Class LevenbergMarquardtOptimizer

java.lang.Object
org.apache.commons.math3.fitting.leastsquares.LevenbergMarquardtOptimizer
All Implemented Interfaces:
LeastSquaresOptimizer

public class LevenbergMarquardtOptimizer extends Object implements LeastSquaresOptimizer
This class solves a least-squares problem using the Levenberg-Marquardt algorithm.

This implementation should work even for over-determined systems (i.e. systems having more point than equations). Over-determined systems are solved by ignoring the point which have the smallest impact according to their jacobian column norm. Only the rank of the matrix and some loop bounds are changed to implement this.
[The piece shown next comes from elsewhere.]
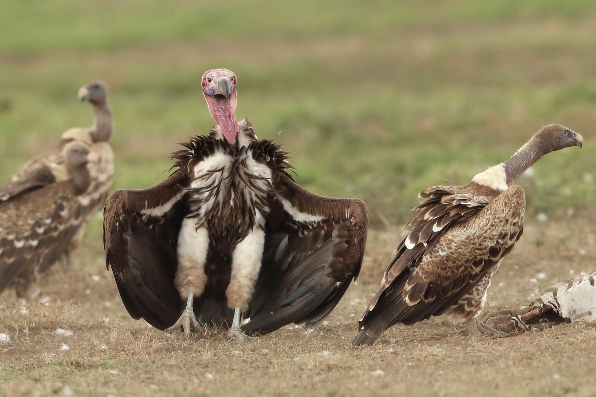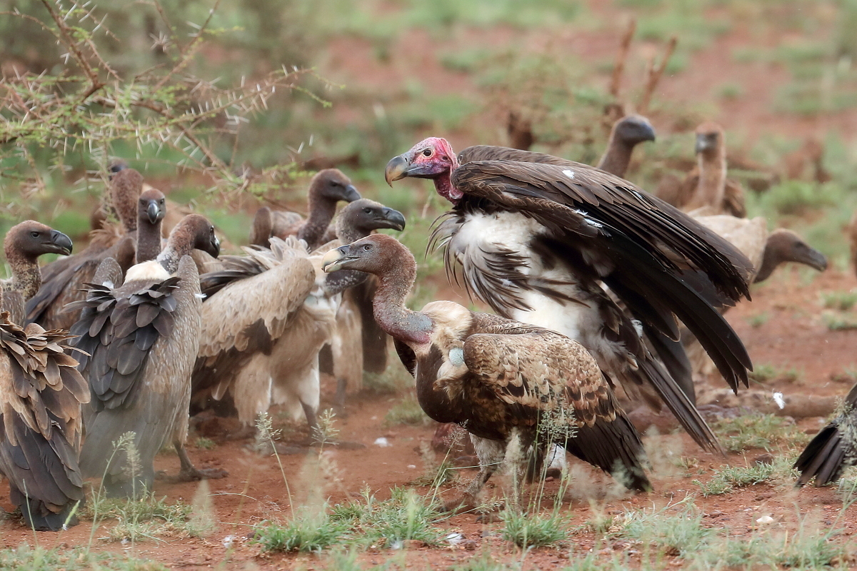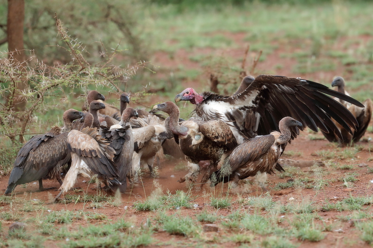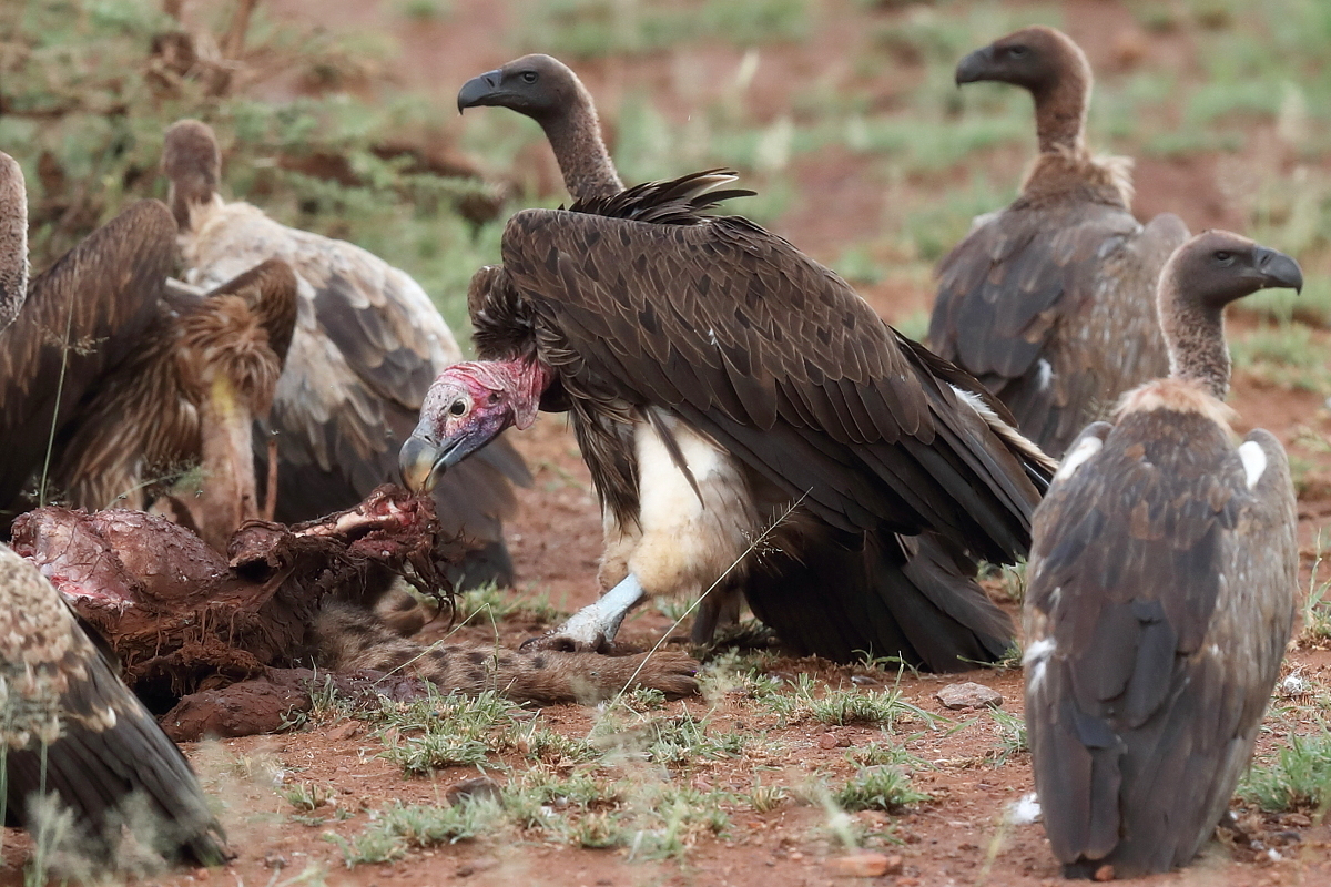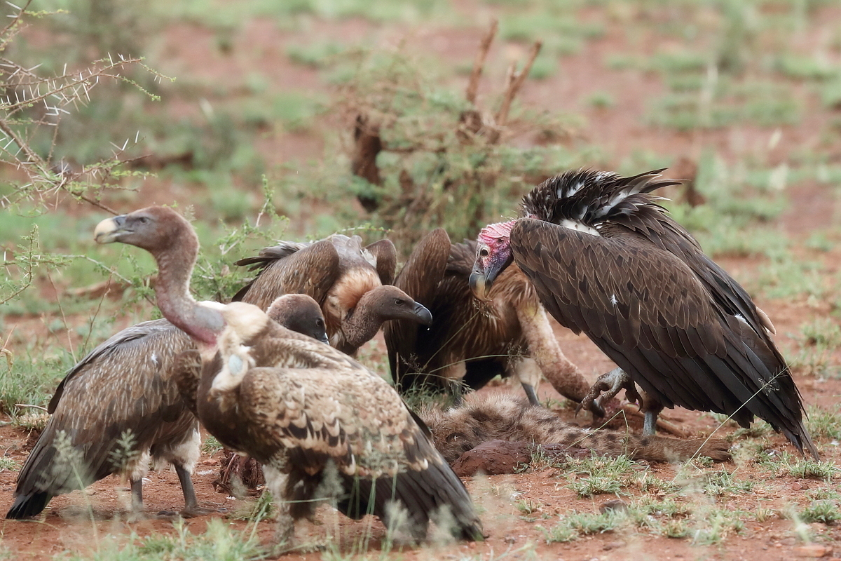 It would be a fact that we always encountered a rueppell's griffon, a lappet-faced vulture and an African white-backed vulture together. However, the most numerous were African white-backed vultures. They were the first at the carrion and instantly started the meal. But as they had already done so, the rueppell's griffon were almost immediately appearing at the meal. They explained quite quickly and effectively to African vultures that it was their turn now. Sometimes they fed together. All this was watched by the Arabian vulture. The vulture assessed the situation slow and easy. But when it came to the conclusion that it was time to start a meal then no creature dared to "discuss" it. It is the largest of African vultures. It happened twice that we found vultures near to carrion. Once zebras and once hyenas. So many pictures were taken that I had enough material for the reconstruction of the gallery of the African white-backed vulture and to build a new gallery of the Arabian vulture and the rueppell's griffon. The enclosed sound recording, however, mostly is the sound of African white-backed vultures, although there may also be voices of Arabian vultures. The text is common to these three species, and the soundtrack is enclosed to the gallery of the White-backed Vultur.

The resolution engine is a simple translation of the MINPACK lmder routine with minor changes. The changes include the over-determined resolution, the use of inherited convergence checker and the Q.R. decomposition which has been rewritten following the algorithm described in the P. Lascaux and R. Theodor book Analyse numérique matricielle appliquée à l'art de l'ingénieur, Masson 1986.

The authors of the original fortran version are:

  • Argonne National Laboratory. MINPACK project. March 1980
  • Burton S. Garbow
  • Kenneth E. Hillstrom
  • Jorge J. More
The redistribution policy for MINPACK is available here, for convenience, it is reproduced below.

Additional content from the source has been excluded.